┌────────

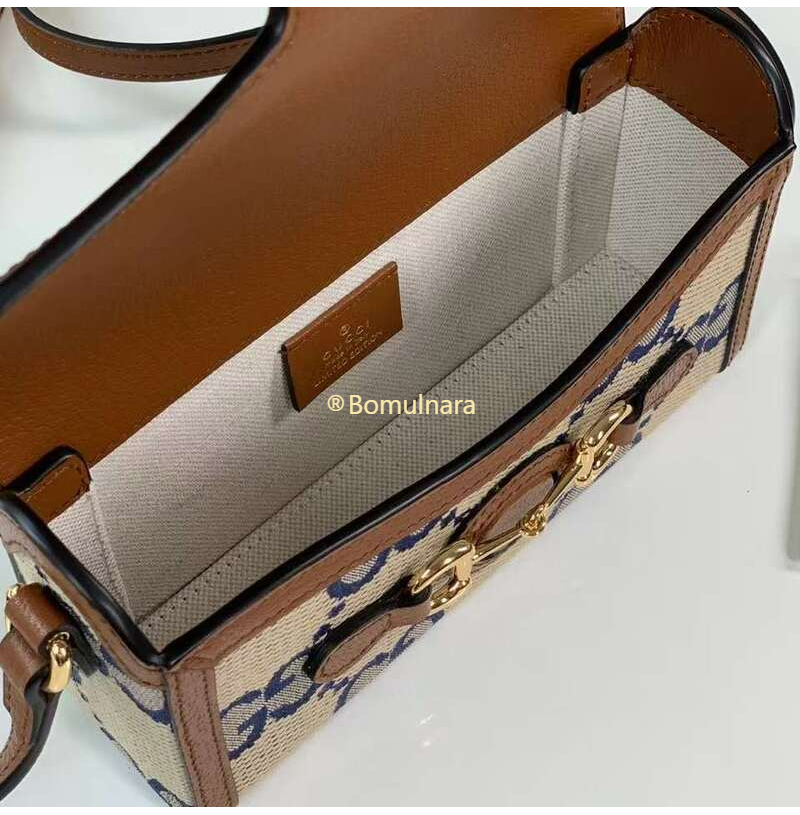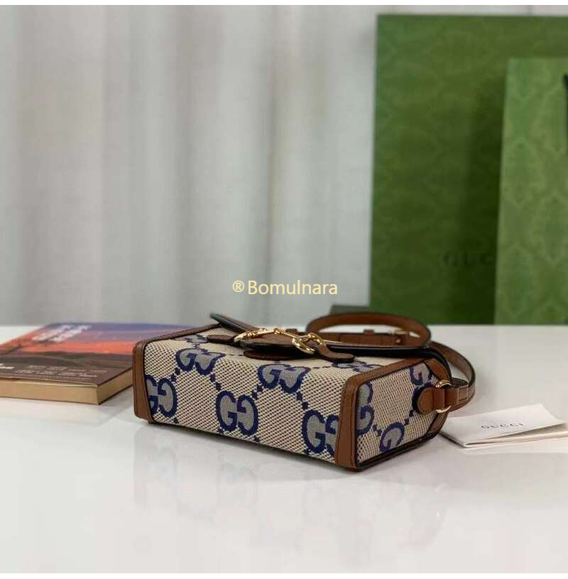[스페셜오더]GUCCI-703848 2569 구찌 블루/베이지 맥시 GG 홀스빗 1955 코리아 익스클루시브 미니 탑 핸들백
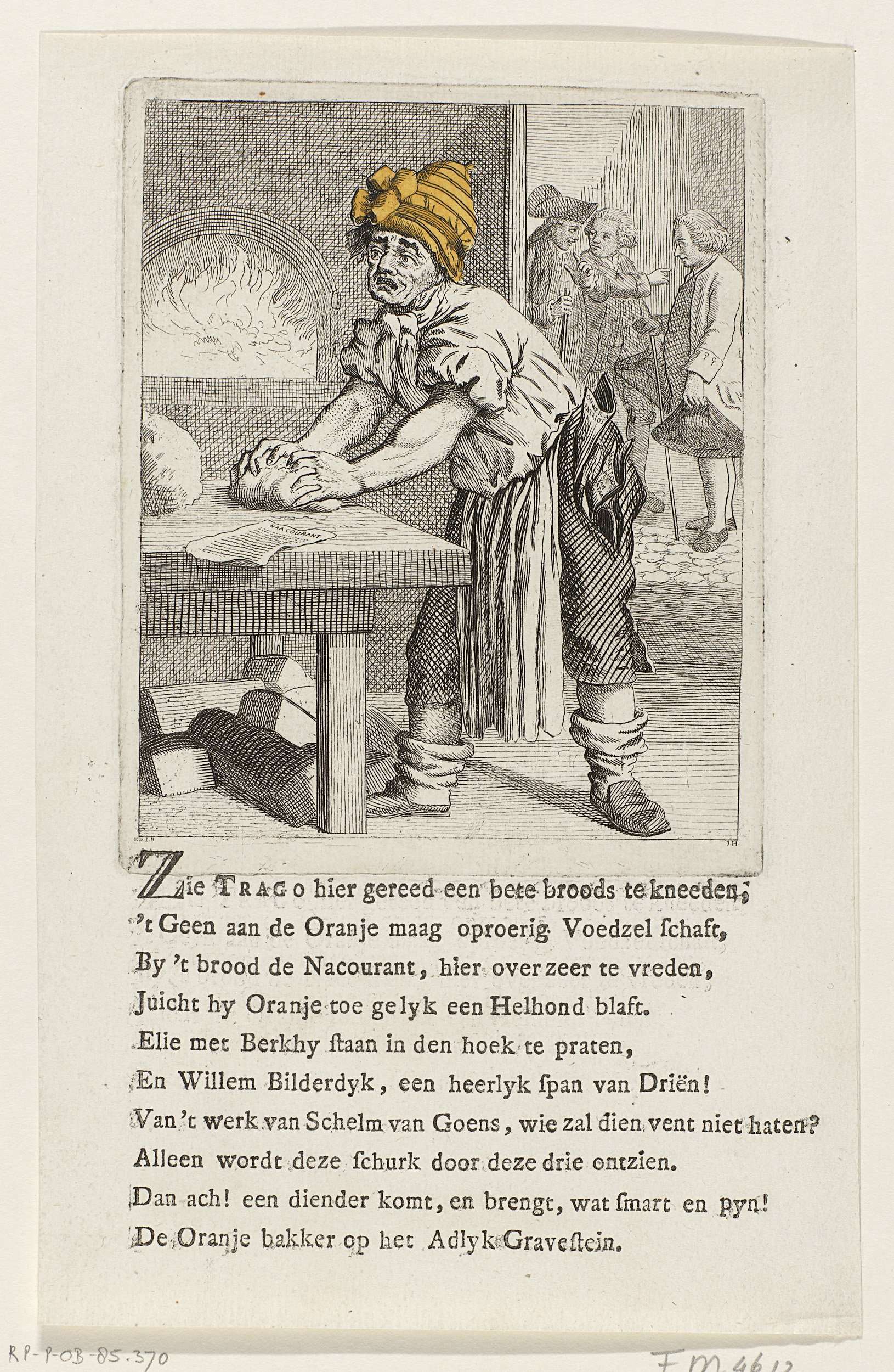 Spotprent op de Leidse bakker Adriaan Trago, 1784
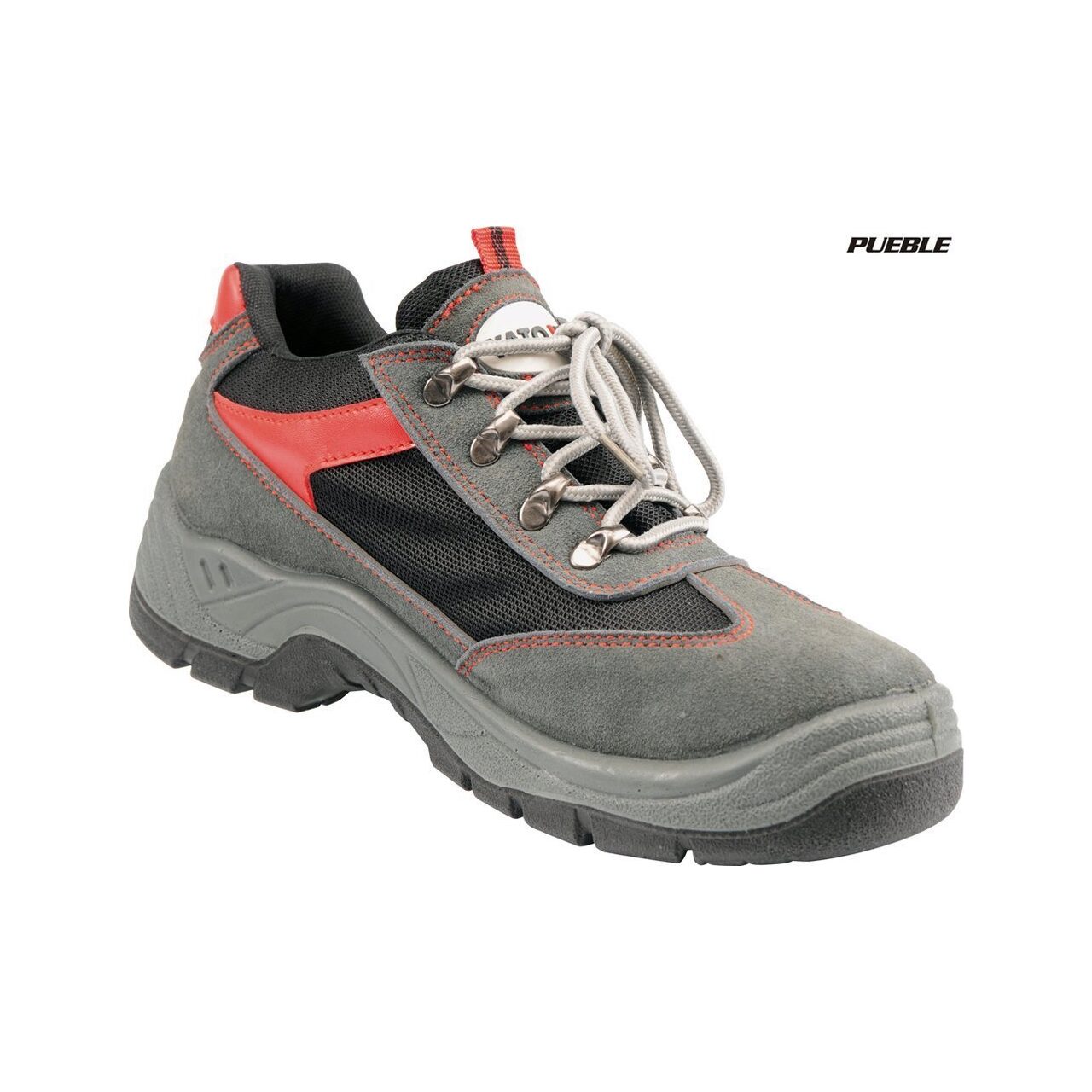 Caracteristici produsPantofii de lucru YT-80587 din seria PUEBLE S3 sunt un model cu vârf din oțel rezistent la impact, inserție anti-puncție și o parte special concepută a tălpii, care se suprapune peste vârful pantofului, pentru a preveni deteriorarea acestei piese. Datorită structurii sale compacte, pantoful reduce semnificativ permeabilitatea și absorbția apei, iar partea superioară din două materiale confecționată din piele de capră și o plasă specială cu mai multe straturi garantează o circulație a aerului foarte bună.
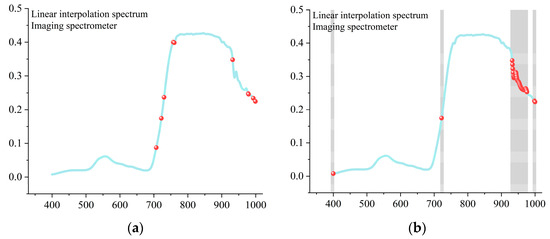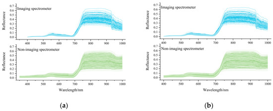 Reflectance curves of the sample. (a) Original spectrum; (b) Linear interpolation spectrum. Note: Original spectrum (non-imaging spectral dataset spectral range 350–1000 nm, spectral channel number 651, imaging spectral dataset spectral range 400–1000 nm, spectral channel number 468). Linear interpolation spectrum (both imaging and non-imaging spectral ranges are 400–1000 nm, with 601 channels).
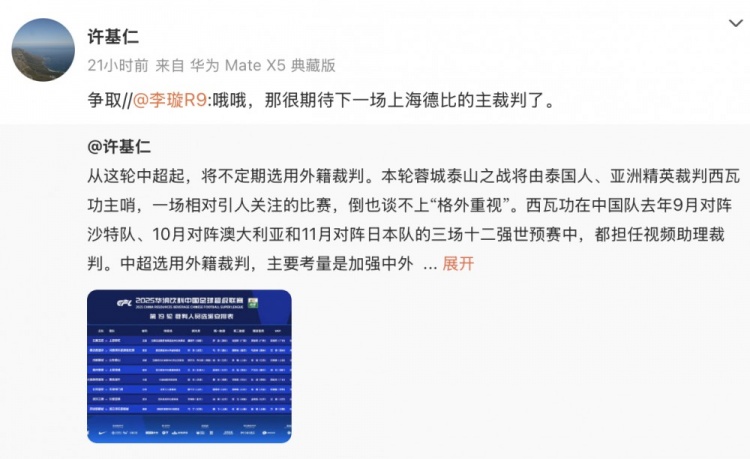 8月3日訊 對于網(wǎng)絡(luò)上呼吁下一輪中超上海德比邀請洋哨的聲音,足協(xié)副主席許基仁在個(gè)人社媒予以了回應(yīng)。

└────────

▶ **Work order**
Give back the records above exactly, with no pictures.

▶ **Output**
[스페셜오더]GUCCI-703848 2569 구찌 블루/베이지 맥시 GG 홀스빗 1955 코리아 익스클루시브 미니 탑 핸들백
 Spotprent op de Leidse bakker Adriaan Trago, 1784
 Caracteristici produsPantofii de lucru YT-80587 din seria PUEBLE S3 sunt un model cu vârf din oțel rezistent la impact, inserție anti-puncție și o parte special concepută a tălpii, care se suprapune peste vârful pantofului, pentru a preveni deteriorarea acestei piese. Datorită structurii sale compacte, pantoful reduce semnificativ permeabilitatea și absorbția apei, iar partea superioară din două materiale confecționată din piele de capră și o plasă specială cu mai multe straturi garantează o circulație a aerului foarte bună.
 Reflectance curves of the sample. (a) Original spectrum; (b) Linear interpolation spectrum. Note: Original spectrum (non-imaging spectral dataset spectral range 350–1000 nm, spectral channel number 651, imaging spectral dataset spectral range 400–1000 nm, spectral channel number 468). Linear interpolation spectrum (both imaging and non-imaging spectral ranges are 400–1000 nm, with 601 channels).
 8月3日訊 對于網(wǎng)絡(luò)上呼吁下一輪中超上海德比邀請洋哨的聲音,足協(xié)副主席許基仁在個(gè)人社媒予以了回應(yīng)。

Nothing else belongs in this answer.